REICHARD: First of all, we hear a couple of different terms: executive orders and executive actions. Or proclamations and memorandums. Are these the same things?
HEALY: No. They’re all forms of unilateral action. But an executive order is a specific form that gets tabulated in the federal register. An executive order can be everything from there’s a periodic executive order to give a half day closing early on Christmas Eve for federal workers. But then executive orders have been things like Japanese internment under FDR, wage and price controls under Nixon. So, you really have to know the details of what’s in a particular unilateral action before you can say whether it’s something to be concerned about or not.

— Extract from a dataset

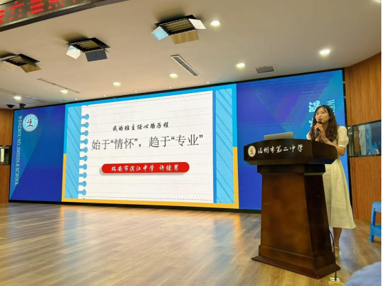 下午的活动过渡至“专业与情怀”专题分享环节。四位教师依次登台,结合自身教育实践中的鲜活经历,分享成长感悟,传递教育事业背后的温度与力量。

REICHARD: When did executive orders become a tool for presidents?
HEALY: In a sense they’ve always been there. The law doesn’t execute itself, so presidents from George Washington on have put their names on a piece of paper that has some action carried out as a consequence. But what’s happened over particularly from the mid-20th century on is an increasing number of these start to look more like law.
REICHARD: Do you think executive orders are changing the presidency? Would you go that far?
HEALY: They’ve become an increasingly important weapon. Increasingly it’s becoming who gets to come in the country and who gets to stay, what the rules are going to be at colleges and universities for sexual assault cases. So, very broad directives that impact a lot of people’s lives. And this wasn’t really the way the law was supposed to be made. The law was supposed to be made through deliberation and consensus. You have two houses of Congress and the president have to agree on something. Increasingly what’s happening is you’re just whipsawed from one administration to the next and that is really no way to run a country.
REICHARD: How do you think President Biden’s use of executive orders so far compare to previous recent presidents?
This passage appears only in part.